The sale was finalized in 2020 for the 135-acre site. It’s now obvious that SDSU’s priority was a new stadium for its football team, which it quickly built in two years. But in the three-plus years since Snapdragon Stadium opened, no housing has been built at the site.

And while SDSU delays construction of promised student housing, the city pushes high-density housing policies in single-family neighborhoods in the name of a “housing crisis.”

Regrettably, the Metropolitan Transit System, which operates the trolley, has said nothing publicly about SDSU’s delay in developing the Qualcomm site, which when built-out could generate thousands of daily trips.  Instead, MTS looks to taxpayers and riders to fill its ever-widening budget deficit.

Meanwhile, SDSU gained approval from the California State University Board of Trustees to start the first phase of the nearly $1 billion “Evolve” student housing project. Unfortunately, this project wasn’t at the Qualcomm site but at the end of 55th Street in a high-fire zone three-quarters of a mile from SDSU’s main campus.

SDSU persuaded the city to deed to it the north end of 55th Street (approximately a block and a half) so it can develop five 13-story and one nine-story dorm buildings, to house 4,500 students.

But SDSU left the city (and taxpayers) with ownership of what will be a super-congested intersection just 50 yards to the south that must be completely redesigned and rebuilt to handle the expected daily flow of 4,500 pedestrians and vehicles. Plus, it’s the same intersection the university said will be available as an alternative evacuation route in the event of a wildfire.

Nowhere in SDSU’s Evolve proposal is there a pedestrian mobility plan or other infrastructure upgrades to move this many people. The significant cost for these improvements and increased fire protection will be added to the city budget and paid for by taxpayers.

Mobility also suffers because the Evolve project is on the opposite end of campus — and a nearly 20-minute walk — from the campus trolley station. That distance will discourage student use of public transit and is contrary to state laws (such as Senate Bill 79) that encourage and incentivize high-density housing adjacent to bus and trolley lines.
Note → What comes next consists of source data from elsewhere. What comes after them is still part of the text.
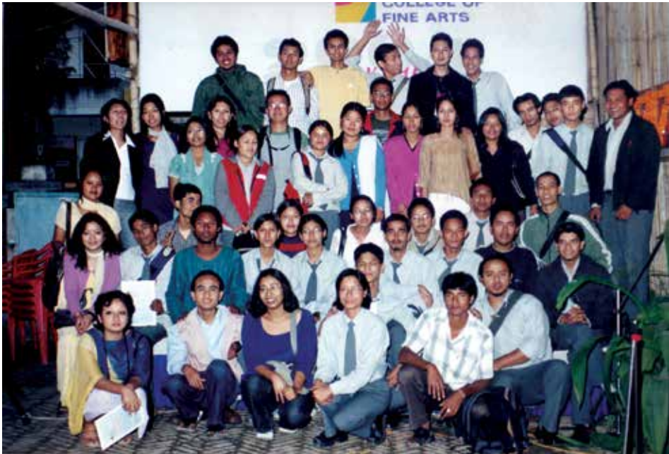
Celebrating the 3rd Anniversary of the college - September 2004

Team Work: For effective implementation of the educational activities under Sirjana College of Fine Arts, its team spirit has been found to be significantly harmonious. The College Management Committee operates and coordinates with the Principal, Program Coordinator and the Faculty Members as well as non-teaching staff at the college.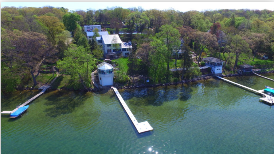
Twin Lakes Homes

The village is home to 6,041 permanent residents with a third more spending part of the year in town. The village continues to grow at a steady pace and estimated to reach 9,980 population by 2023 within a 3-mile radius.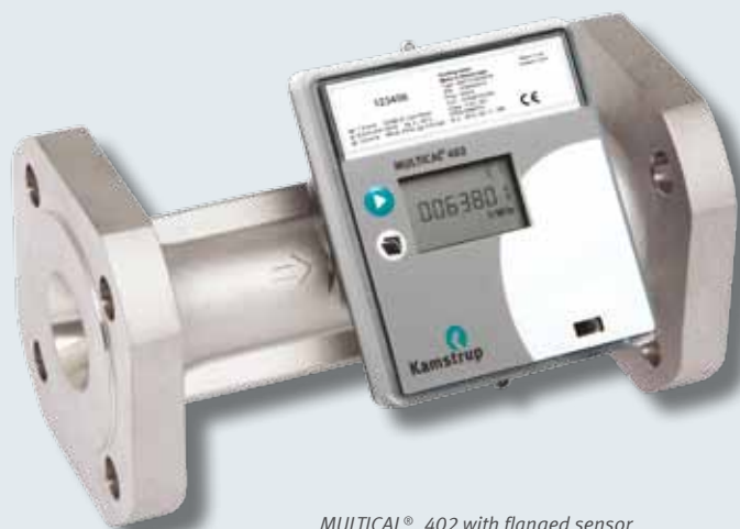
MULTICAL® 402 with flanged sensor

Ironically, SDSU owns asphalt parking lots and old dorm buildings less than a five-minute walk from the on-campus trolley stop. Arguably, that’s a perfect location for high-density student housing, which would fulfill the state’s mandate for transit-oriented density and help achieve the city’s desire for an “urban village.”
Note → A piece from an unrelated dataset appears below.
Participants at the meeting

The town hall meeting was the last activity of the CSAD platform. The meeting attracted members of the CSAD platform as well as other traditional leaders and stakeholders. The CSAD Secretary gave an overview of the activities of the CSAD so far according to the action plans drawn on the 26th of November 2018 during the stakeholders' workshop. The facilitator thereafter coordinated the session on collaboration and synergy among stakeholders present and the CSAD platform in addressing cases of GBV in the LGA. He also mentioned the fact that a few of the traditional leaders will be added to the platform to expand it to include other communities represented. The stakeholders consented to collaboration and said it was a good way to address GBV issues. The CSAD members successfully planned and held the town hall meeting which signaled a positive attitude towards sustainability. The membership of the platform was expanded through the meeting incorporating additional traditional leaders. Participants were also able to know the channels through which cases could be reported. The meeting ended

It’s time for the city of San Diego to get out of the infrastructure subsidy business, and rethink, along with SDSU, the remaining phases of the Evolve project. Otherwise, the city will remain mired in budget upheaval for years to come.

Rene Kaprielian has a bachelor’s degree in journalism from SDSU and has been a resident of San Diego for 55 years.

A former lawyer and current grassroots activist, I have been editing the Rag since Patty Jones and I launched it in Oct 2007. Way back during the Dinosaurs in 1970, I founded the original Ocean Beach People’s Rag - OB’s famous underground newspaper -, and then later during the early Eighties, published The Whole Damn Pie Shop, a progressive alternative to the Reader.

3 thoughts on “‘City taxpayers shouldn’t have to help pay for SDSU expansion’

  1. And once you’ve made these walkable neighborhoods, over stuffing and syphoning off traffic corridors, how do you evacuate in an emergency?

  2. “…no housing has been built at the site.”
    Hey, Mr. bachelor’s degree in journalism, the first housing is literally under construction right now.

    1. While Evolve has gone through the pre construction process, is completing the first tower, while Montezuma has been leveled for another 600 bed mixed use, and one of the Evolve towers, has commenced. While scratching the surface at Snapdragon. Yes they are dragging their feet over there.